So after some more help and an extensive reboot of my math skills, I found the answer. The information that I overlooked but is crucial to have is the total length of the message. Moreover, we also need a second message with slightly changed parameters. SoThis thus presupposes that an attacker has access to at least 2 known ciphertexts with known prefix and that both ciphertexts only differ by the prefix (known) and padding (unknown).

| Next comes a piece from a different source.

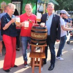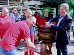 Dort hatten sich viele Zuschauer eingefunden. Es hatte sich wohl herumgesprochen, dass Gabi Wieland ein Fass Freibier anschlagen wird. Mit nur drei Schlägen gelang es der Stadtbürgermeisterin, den Zapfhahn in das Fass zu treiben, kaum etwas von dem kostbaren Nass spritze durch die Gegend. Bei dieser Gelegenheit entstand schon eine Volksfeststimmung, zumal der Musikverein Heiligenroth den Stimmungspegel mit flotter Musik antrieb.

Following the above we end up with:
- $c_1$ = $(prefix_1 + secret + padding_1)^e mod \ n$
- $c_2$ = $(prefix_2 + secret + padding_2)^e mod \ n$
Now, without the prefix change this would be a simple case of Coppersmith's short pad attack. But the prefix requires some changes. This is where the length comes in handy: if we know the prefix change (e.g. a 0 byte becomes a 1 byte), and we know the total length, we can find the additional delta between the 2 ciphertexts (i.e. the delta besides from the padding), since we know which bits changed and can then add/substract $2^i$ for all changed $bit_i$
Example: if
$prefix_1$ = 'hello\x00'
$prefix_2$ = 'hello\x01'
and the total message length (including secret and padding) is 100, we know that the 94th byte changed from 0 to 1. In bits, it means the 752nd bit changed from 0 to 1, hence adding $2^{752}$.
From here we can pick up the Coppersmith attack whereby the second polynomial needs to incorporate the difference:
$g_2(x,y) = (x+y+\Delta)^e - c_2$
The rest follows the classic attack. Now once we have $y$, we can use the Franklin-Reiter related message attack with the small exception that we need to also add the $\Delta$ we calculated from the prefix.
I realize this might have gone beyond the scope of my answer but I thought it was an interesting twist on existing exploits that could help someone out in the future :)